§ AIM OF THE EXERCISE:
Starting with the line that contains "Kit composé de" and ending with the last line of the entries, repeat exactly those lines and nothing else, pictures excluded.

§ RECORDS SHOWN:
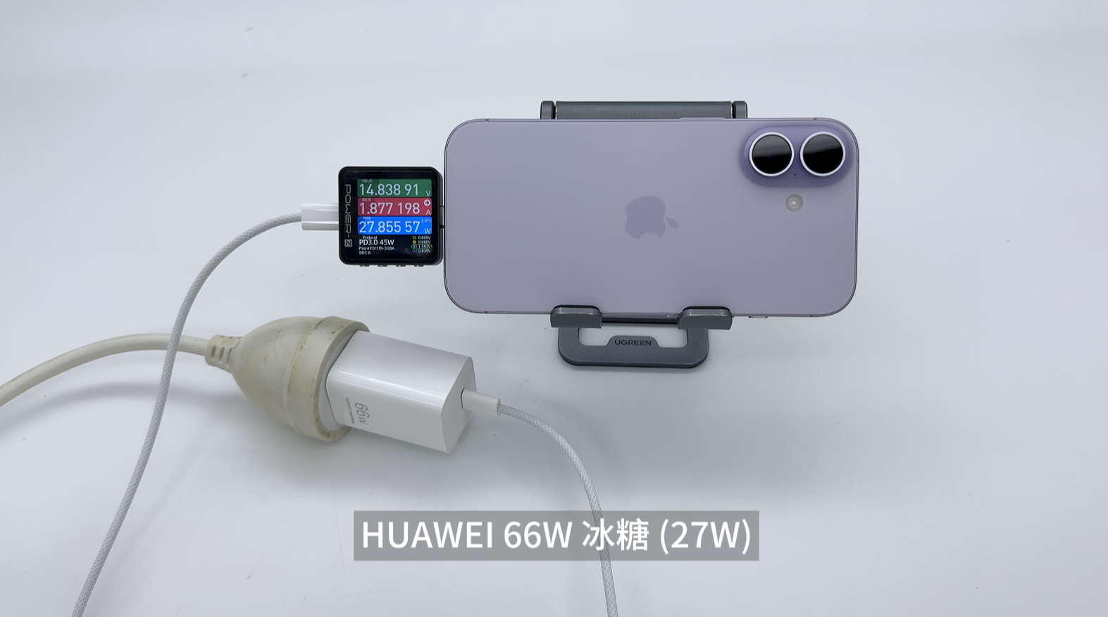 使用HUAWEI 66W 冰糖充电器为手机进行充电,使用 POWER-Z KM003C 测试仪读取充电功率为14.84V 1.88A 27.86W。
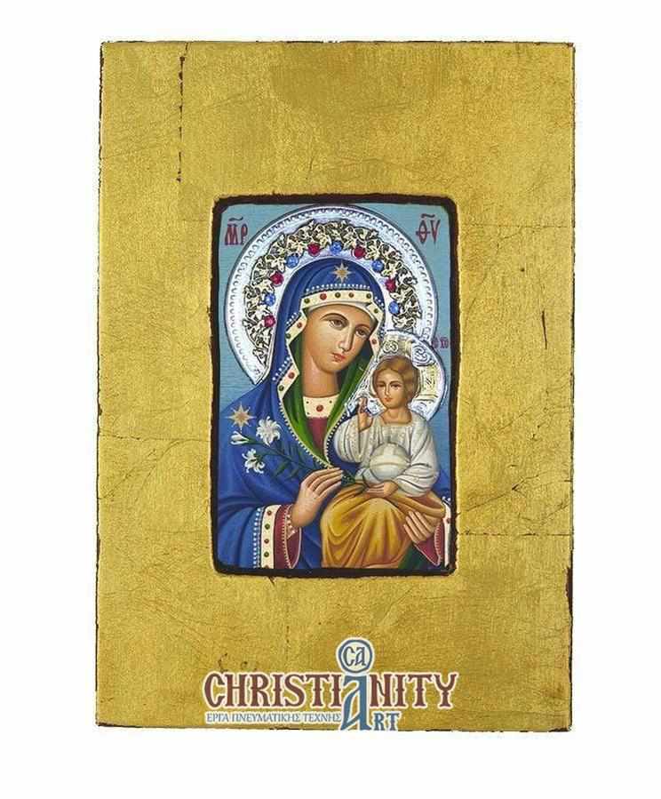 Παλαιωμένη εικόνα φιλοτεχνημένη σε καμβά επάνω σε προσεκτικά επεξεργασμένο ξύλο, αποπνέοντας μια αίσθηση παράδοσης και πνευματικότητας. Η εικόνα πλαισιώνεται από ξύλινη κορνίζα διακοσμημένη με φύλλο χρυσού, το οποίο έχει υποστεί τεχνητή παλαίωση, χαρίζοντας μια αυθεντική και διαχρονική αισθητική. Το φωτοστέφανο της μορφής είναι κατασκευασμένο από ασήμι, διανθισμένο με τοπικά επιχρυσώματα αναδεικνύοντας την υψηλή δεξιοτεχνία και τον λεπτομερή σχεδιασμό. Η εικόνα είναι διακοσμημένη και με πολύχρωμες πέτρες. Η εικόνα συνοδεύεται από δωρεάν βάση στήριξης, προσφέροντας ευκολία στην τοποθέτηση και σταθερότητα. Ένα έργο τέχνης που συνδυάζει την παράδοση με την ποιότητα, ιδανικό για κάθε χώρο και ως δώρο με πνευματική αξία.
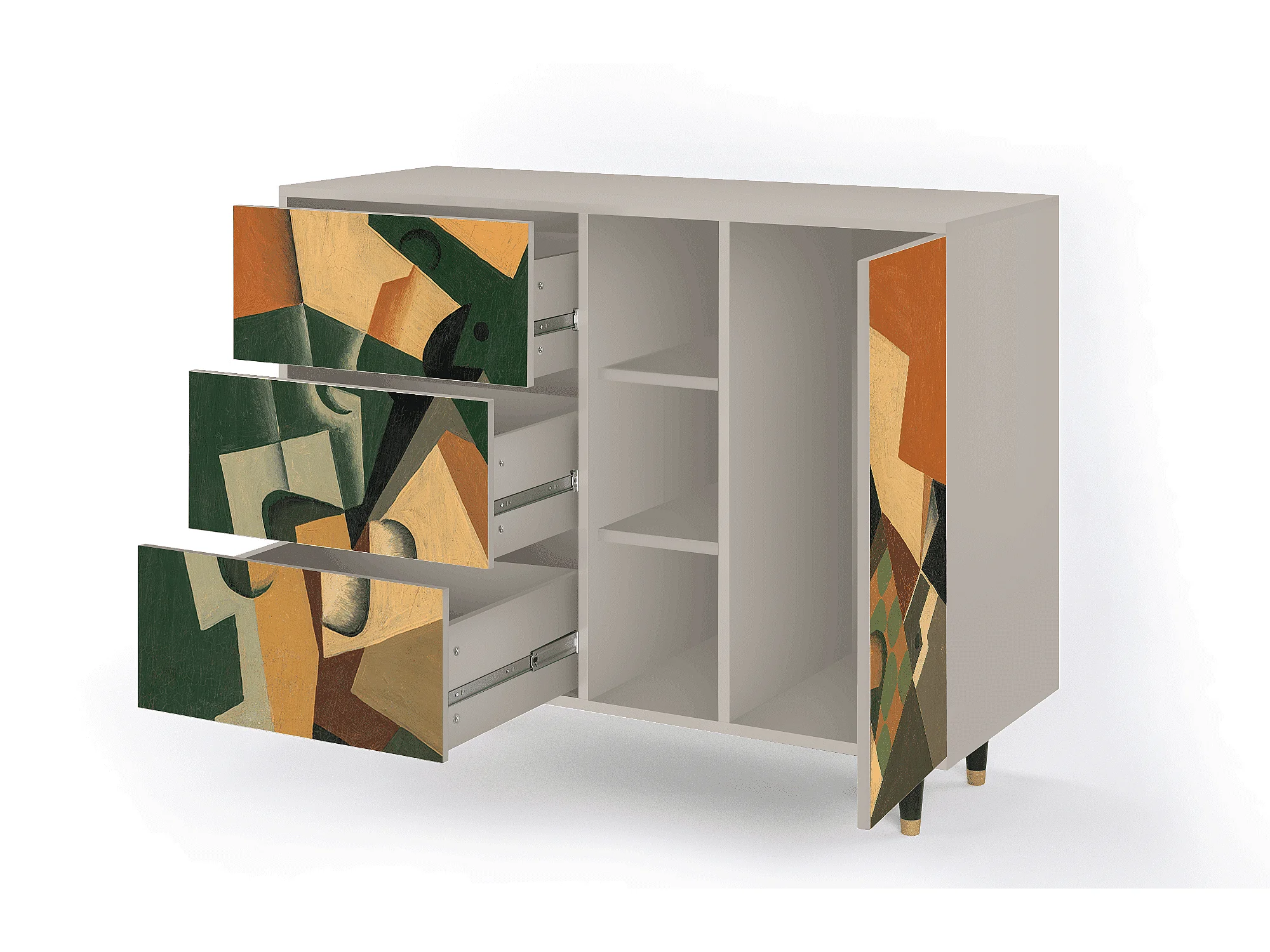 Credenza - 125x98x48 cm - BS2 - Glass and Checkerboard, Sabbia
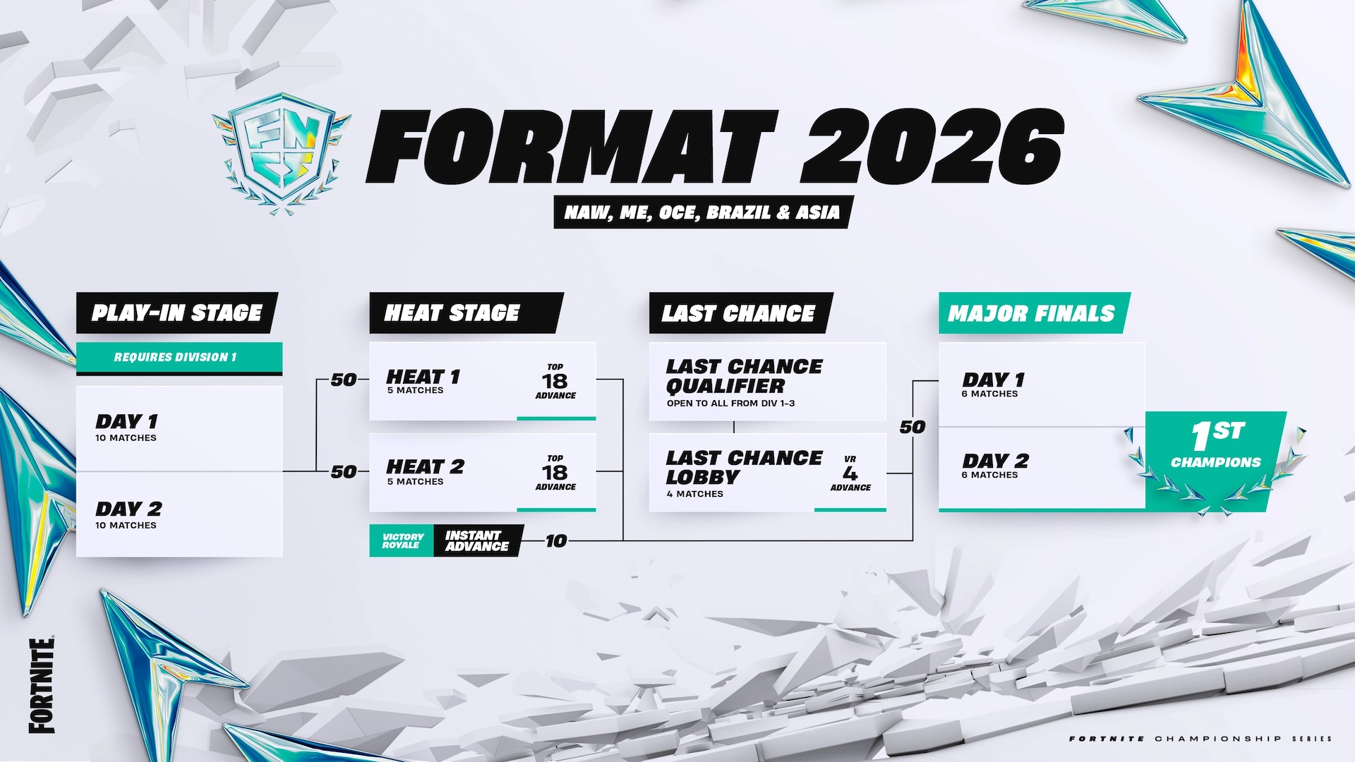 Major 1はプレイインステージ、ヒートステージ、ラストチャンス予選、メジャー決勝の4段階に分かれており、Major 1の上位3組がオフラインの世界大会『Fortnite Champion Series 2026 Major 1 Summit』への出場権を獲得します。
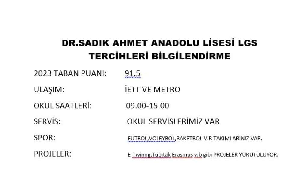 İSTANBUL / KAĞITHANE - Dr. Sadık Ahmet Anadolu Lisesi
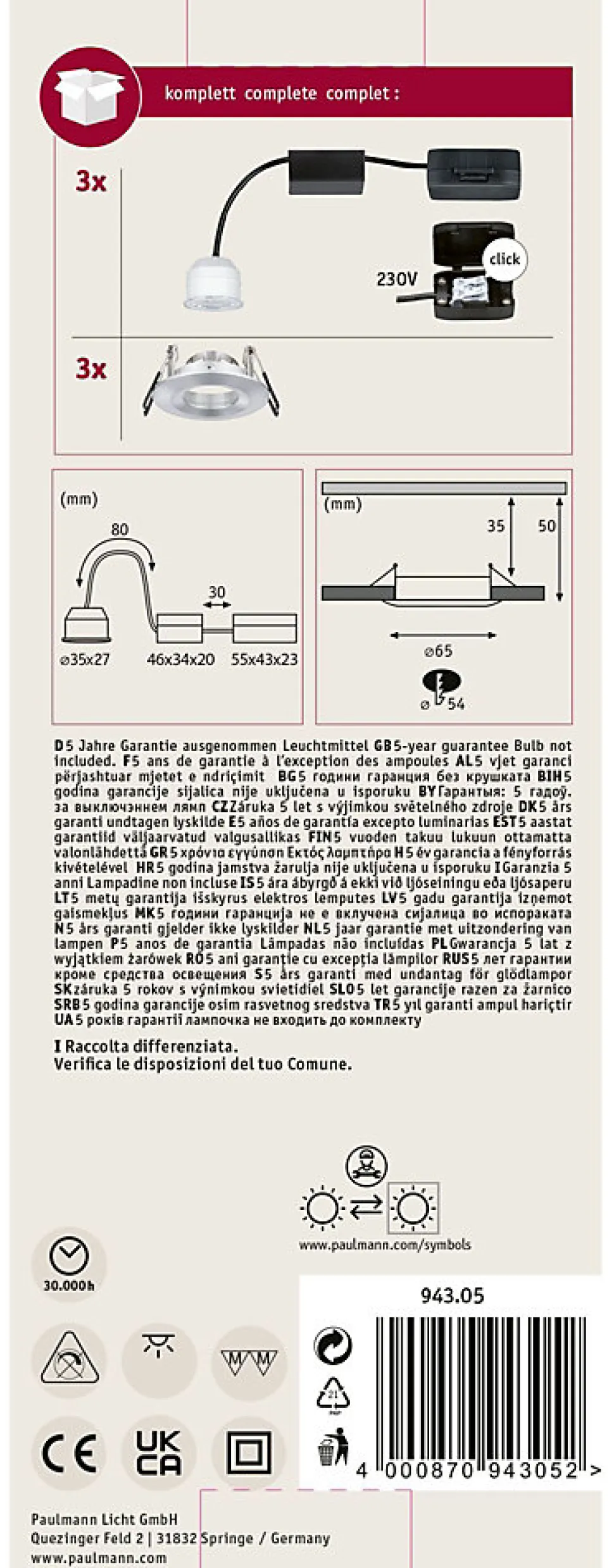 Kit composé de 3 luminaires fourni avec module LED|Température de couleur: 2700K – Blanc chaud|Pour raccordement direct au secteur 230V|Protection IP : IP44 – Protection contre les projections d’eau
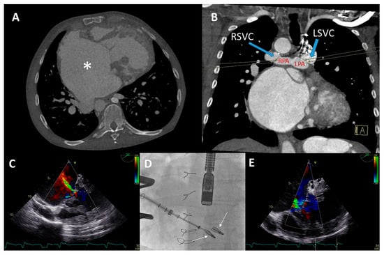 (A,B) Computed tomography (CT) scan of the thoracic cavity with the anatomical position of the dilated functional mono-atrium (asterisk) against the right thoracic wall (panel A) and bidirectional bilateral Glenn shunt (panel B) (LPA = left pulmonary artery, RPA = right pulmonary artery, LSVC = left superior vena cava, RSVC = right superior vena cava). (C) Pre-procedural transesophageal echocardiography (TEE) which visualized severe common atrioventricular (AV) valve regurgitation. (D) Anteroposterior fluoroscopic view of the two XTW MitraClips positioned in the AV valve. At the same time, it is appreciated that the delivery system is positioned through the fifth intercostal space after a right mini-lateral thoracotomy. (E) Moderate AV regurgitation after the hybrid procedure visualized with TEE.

§ YOUR RESPONSE:
 Kit composé de 3 luminaires fourni avec module LED|Température de couleur: 2700K – Blanc chaud|Pour raccordement direct au secteur 230V|Protection IP : IP44 – Protection contre les projections d’eau
 (A,B) Computed tomography (CT) scan of the thoracic cavity with the anatomical position of the dilated functional mono-atrium (asterisk) against the right thoracic wall (panel A) and bidirectional bilateral Glenn shunt (panel B) (LPA = left pulmonary artery, RPA = right pulmonary artery, LSVC = left superior vena cava, RSVC = right superior vena cava). (C) Pre-procedural transesophageal echocardiography (TEE) which visualized severe common atrioventricular (AV) valve regurgitation. (D) Anteroposterior fluoroscopic view of the two XTW MitraClips positioned in the AV valve. At the same time, it is appreciated that the delivery system is positioned through the fifth intercostal space after a right mini-lateral thoracotomy. (E) Moderate AV regurgitation after the hybrid procedure visualized with TEE.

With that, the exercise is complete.